═══ AVAILABLE RECORDS
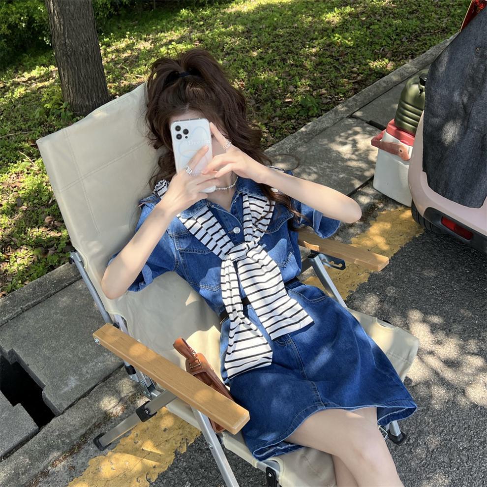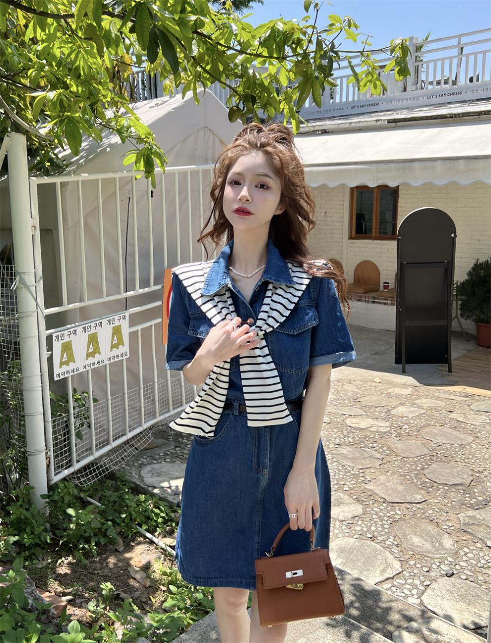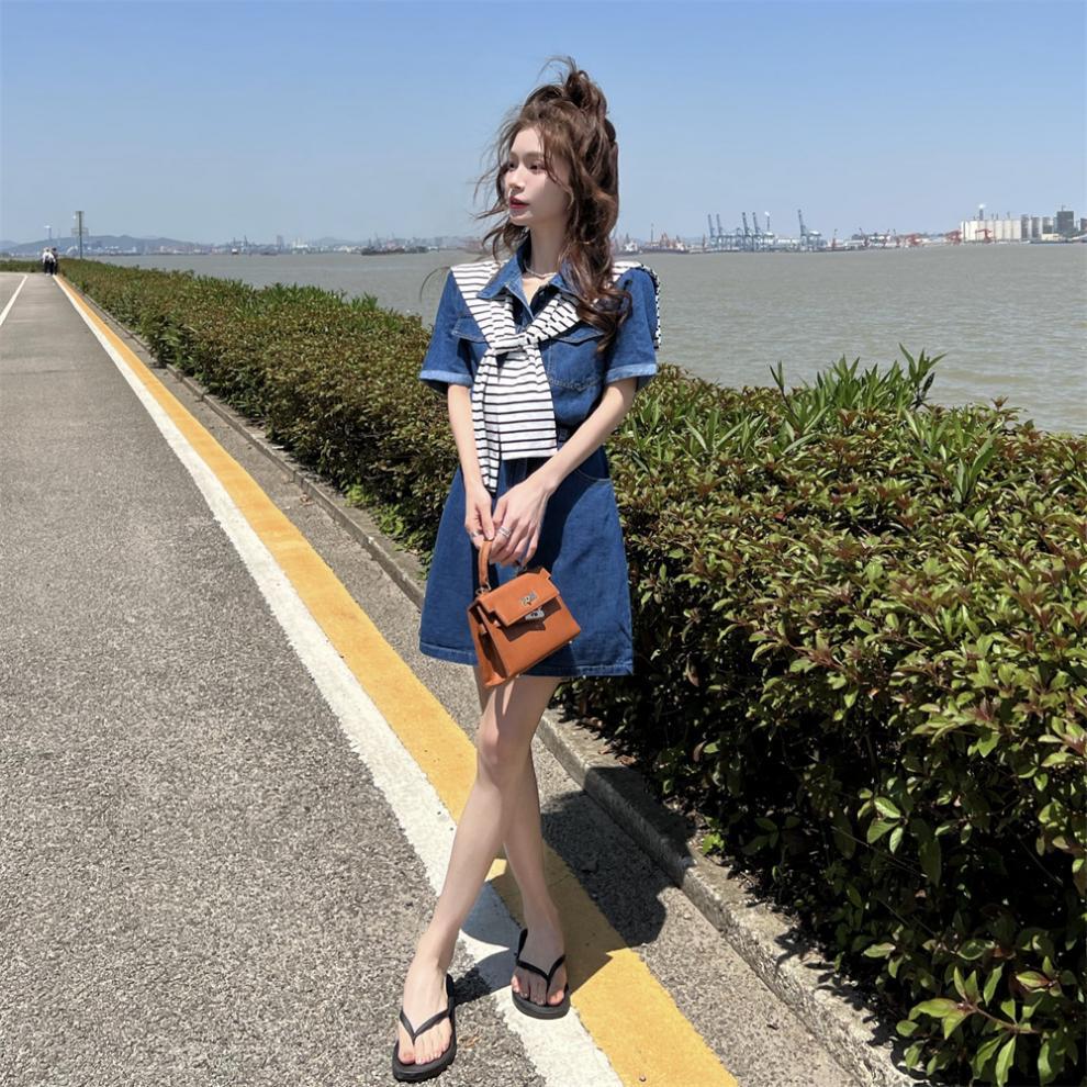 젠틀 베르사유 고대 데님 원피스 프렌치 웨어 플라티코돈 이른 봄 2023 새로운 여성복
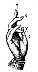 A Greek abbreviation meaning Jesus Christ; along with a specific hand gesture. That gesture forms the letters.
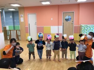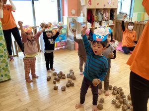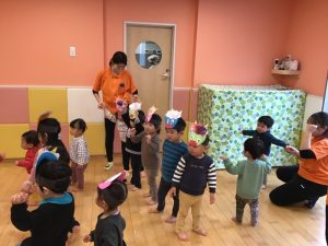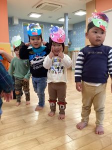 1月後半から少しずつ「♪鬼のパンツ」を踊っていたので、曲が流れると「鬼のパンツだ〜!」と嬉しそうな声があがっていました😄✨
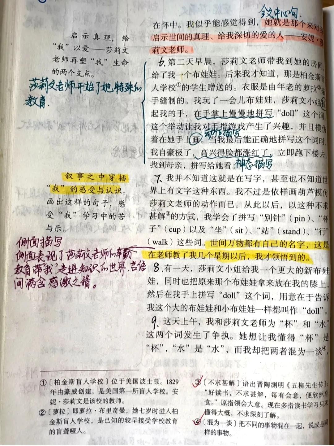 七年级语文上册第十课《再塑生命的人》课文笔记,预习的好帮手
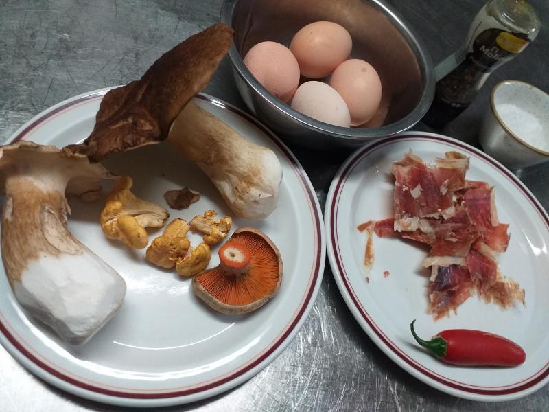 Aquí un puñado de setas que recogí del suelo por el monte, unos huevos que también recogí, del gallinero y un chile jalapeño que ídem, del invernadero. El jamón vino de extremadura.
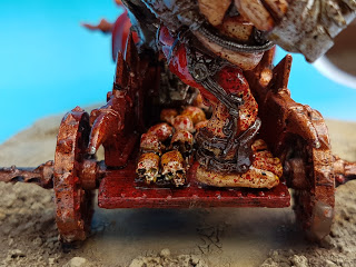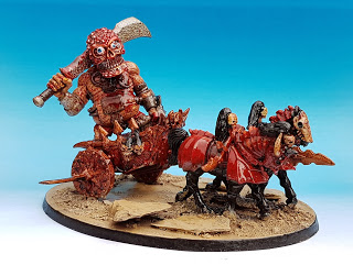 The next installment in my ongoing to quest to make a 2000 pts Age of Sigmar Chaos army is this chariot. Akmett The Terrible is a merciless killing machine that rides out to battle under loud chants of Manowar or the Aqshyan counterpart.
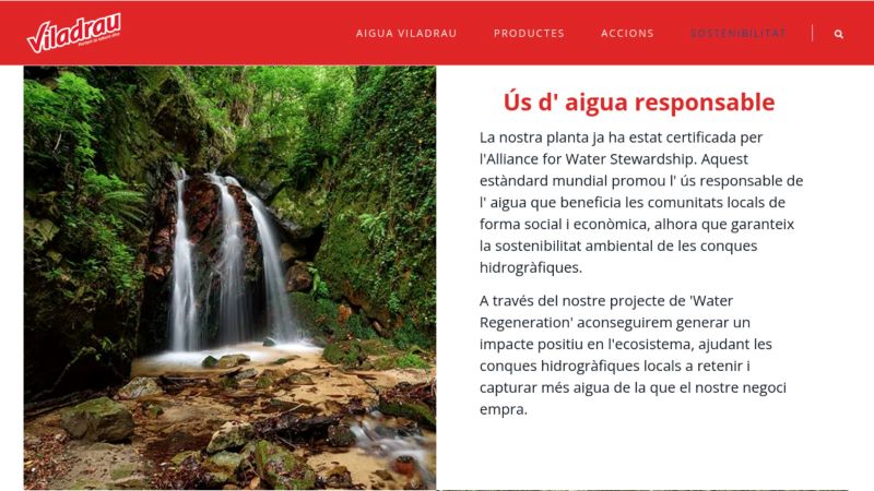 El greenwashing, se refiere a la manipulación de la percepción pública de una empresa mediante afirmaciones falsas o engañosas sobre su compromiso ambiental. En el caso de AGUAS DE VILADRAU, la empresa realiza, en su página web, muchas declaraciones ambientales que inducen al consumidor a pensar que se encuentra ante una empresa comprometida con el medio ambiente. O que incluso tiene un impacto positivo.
══════
Omit every picture while transcribing the records above exactly.

 젠틀 베르사유 고대 데님 원피스 프렌치 웨어 플라티코돈 이른 봄 2023 새로운 여성복
 A Greek abbreviation meaning Jesus Christ; along with a specific hand gesture. That gesture forms the letters.
 1月後半から少しずつ「♪鬼のパンツ」を踊っていたので、曲が流れると「鬼のパンツだ〜!」と嬉しそうな声があがっていました😄✨
 七年级语文上册第十课《再塑生命的人》课文笔记,预习的好帮手
 Aquí un puñado de setas que recogí del suelo por el monte, unos huevos que también recogí, del gallinero y un chile jalapeño que ídem, del invernadero. El jamón vino de extremadura.
 The next installment in my ongoing to quest to make a 2000 pts Age of Sigmar Chaos army is this chariot. Akmett The Terrible is a merciless killing machine that rides out to battle under loud chants of Manowar or the Aqshyan counterpart.
 El greenwashing, se refiere a la manipulación de la percepción pública de una empresa mediante afirmaciones falsas o engañosas sobre su compromiso ambiental. En el caso de AGUAS DE VILADRAU, la empresa realiza, en su página web, muchas declaraciones ambientales que inducen al consumidor a pensar que se encuentra ante una empresa comprometida con el medio ambiente. O que incluso tiene un impacto positivo.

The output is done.